Welcome Anthony. This site has documented every step that the St Bart's Collective has done to alleviate the mosquito that causes the two problems you mention from spraying everyday to instructions on how to protect yourself and the property where you stay. 
This site has numerous threads on how to protect yourself from those mosquitoes. I was there in February as I am every February and documented the steps I take. As much reporting as there is I have not seen reports of 300 cases of Dengue on St. Barts in February alone.

----------


## JEK

Anthonys, welcome to the forum.

Last report I read the cases had peaked and were on the decline, but perhaps Ellen has a more current assessment. The COM has been spraying insecticide aggressively -- this from today's Le News Screen Shot 2014-03-24 at 7.54.41 AM.jpg

As always, the best defense is on your own person. I was very careful on my last 3 week trip to spray myself morning and evening and I believe I escaped without a single bite. One quickly learns to discern  the "good" mosquito (larger and black) from the "bad" mosquito (much smaller and brown) and apply the electronic paddle to all!

----------


## JEK

Paste *Chikungunya*


in the search field -- upper right and you will find the articles.


Screen Shot 2014-03-24 at 8.04.43 AM.jpg

----------


## KevinS

There has been Dengue Fever on St Barth for longer than I've been visiting the island.  I remember seeing warning posters about it in Le Select decades ago.  Dengue Fever is likely endemic, and isn't going to disappear until the mosquitoes that carry it disappear, which isn't going to happen.  Chikungunya is new to the region, or at least newly recognized, and the press coverage has raised awareness of both Chikungunya and Dengue.  It's my impression that the increase in Dengue cases this year is not really any different than in any other year.  Many residents have previously had one or more Dengue serotype, which makes them resistant to that same serotype, but Chikungunya is new.  The presence of a new virus suggests that there will be more people impacted, at least in the short term.
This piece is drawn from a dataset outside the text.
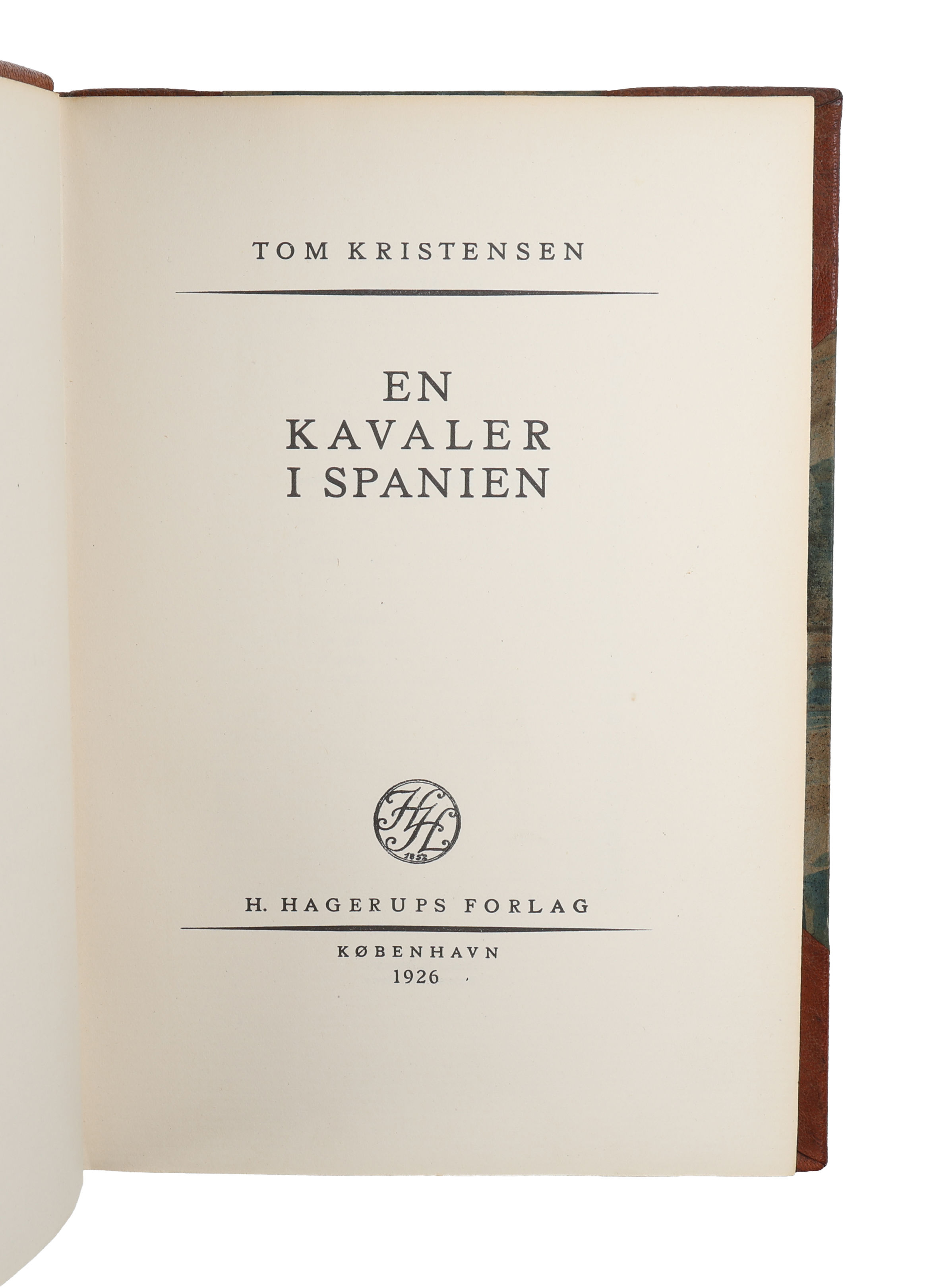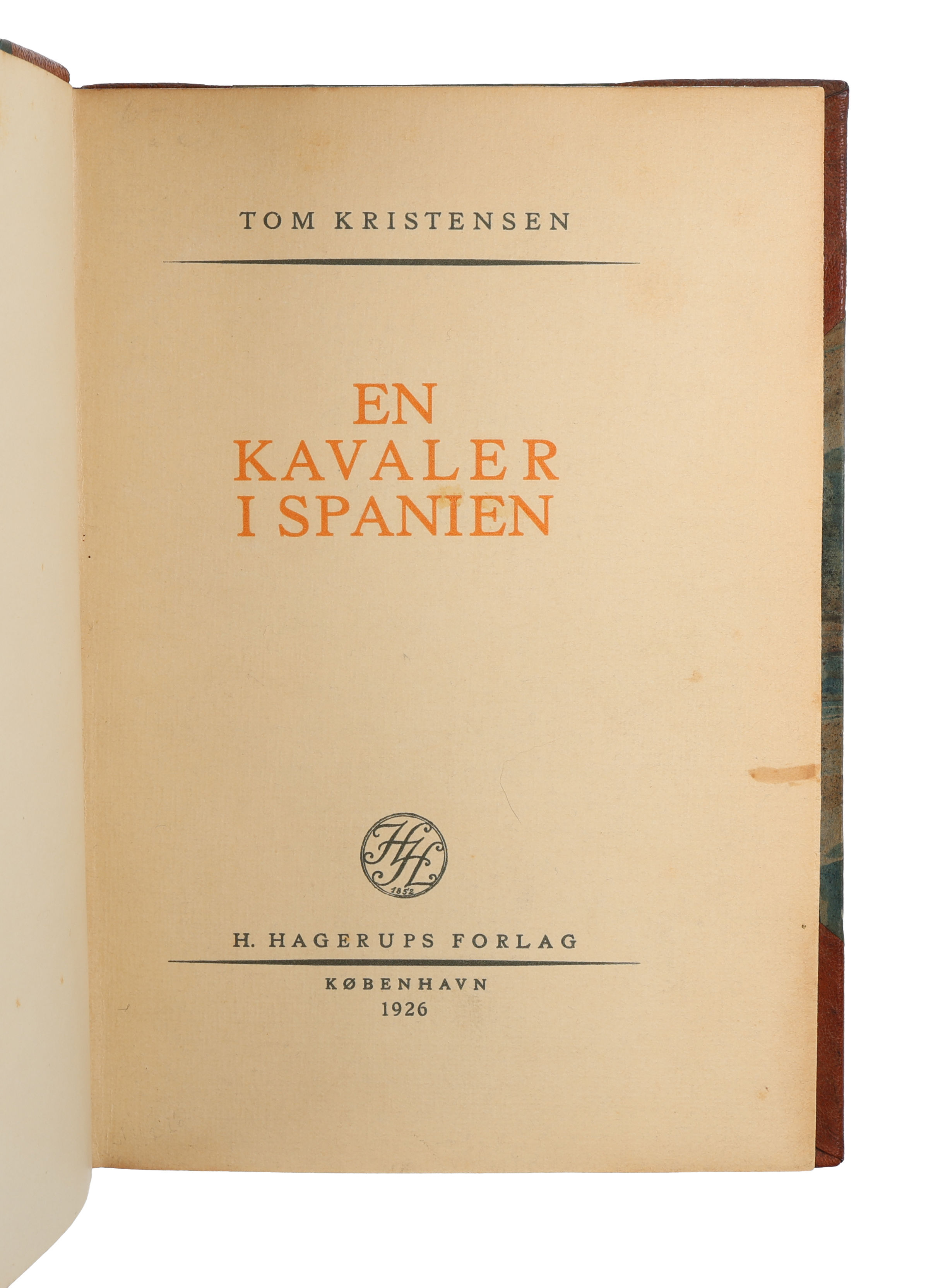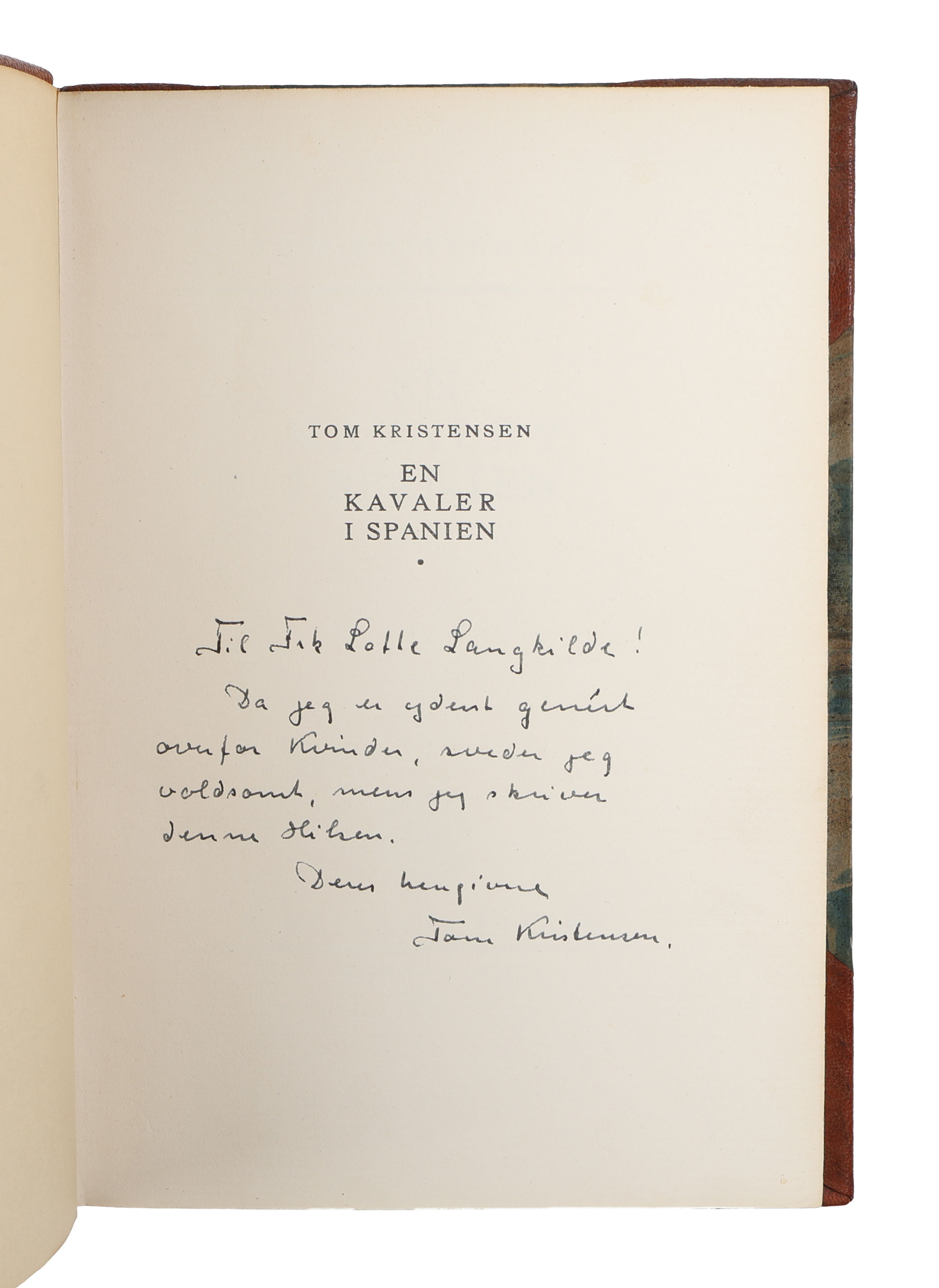 København, H. Hagerups Forlag, 1926. Indbundet med de originale omslag i et samtidigt halvlæderbing (af Peter Egebjerg). Med dedikation fra forfatteren på halvtitel: "Til Frk Lotte Langkilde! / Da jeg er yderst genert / overfor kvinden / sveder jeg / voldsomt, mens jeg skriver / denne hilsen. / Deres hengivne / Tom Kristensen. Ryg misfarvet og med ridser, indvendig pæn og ren.

The island appears to be acting aggressively to respond to the problem.  Tons of old tires, which make great mosquito breeding areas, have been removed from the island.  Insecticide spraying has been repeated multiple times, as is noted above, much more frequently than in the recent years.  Education continues, reminding people to remove potential breeding areas, which are basically anything that holds standing water, even something as small as a bottlecap.  
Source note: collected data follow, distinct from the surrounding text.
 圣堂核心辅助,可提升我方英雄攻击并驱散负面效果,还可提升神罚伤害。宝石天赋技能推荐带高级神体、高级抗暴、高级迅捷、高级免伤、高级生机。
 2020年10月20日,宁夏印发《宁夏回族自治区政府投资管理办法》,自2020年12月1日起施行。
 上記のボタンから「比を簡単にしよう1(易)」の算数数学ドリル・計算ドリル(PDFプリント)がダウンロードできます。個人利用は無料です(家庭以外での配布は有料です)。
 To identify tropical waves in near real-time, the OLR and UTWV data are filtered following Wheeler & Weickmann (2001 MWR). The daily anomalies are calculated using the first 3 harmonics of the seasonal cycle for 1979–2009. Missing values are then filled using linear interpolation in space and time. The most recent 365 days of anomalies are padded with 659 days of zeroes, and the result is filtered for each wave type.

At the end of the day, it's up to each of us to protect ourselves.  Awareness, proper use of repellants, and zapping mosquitoes with a skeeter racket are all part of that.

----------


## cassidain

anthonys,

i believe that in addition to its efforts to alleviate the problem-causing mosquitos the Collectivité has taken steps to eradicate the little blood suckers too.

----------


## anthonys

Thank you All for your answers and suggestions! This problem has to be taken seriously as complications of this disease can lead to death! Remember, there is no treatment or vaccine for Chikungunya disease.

----------


## cec1

Anthony . . . in view of your concern, I think you'll be more comfortable elsewhere.  Please post about your trip . . . folks here always are eager to hear about adventures to other destination.

----------


## stbartshopper

Our friends who own Villas on the island, and stay for months on end, have all had dengue at some time or another. They have told us it is not pleasant but all have gotten over it and are fine. We visit every year and try to avoid mosquitoes as best we can. We always rent in Pte Milou where there is constant wind but not too much and that keeps the bugs away. At restaurants with little airflow, like Table de Jules, we spray our exposed areas with repellent. We usually end up with a bite of two, but (cross our fingers) have never had anything other than a little itch. The artlcles about dengue and chikungunya have not deterred us from rebooking year after year.

----------


## MantyPam

> This site has numerous threads on how to protect yourself from those mosquitoes.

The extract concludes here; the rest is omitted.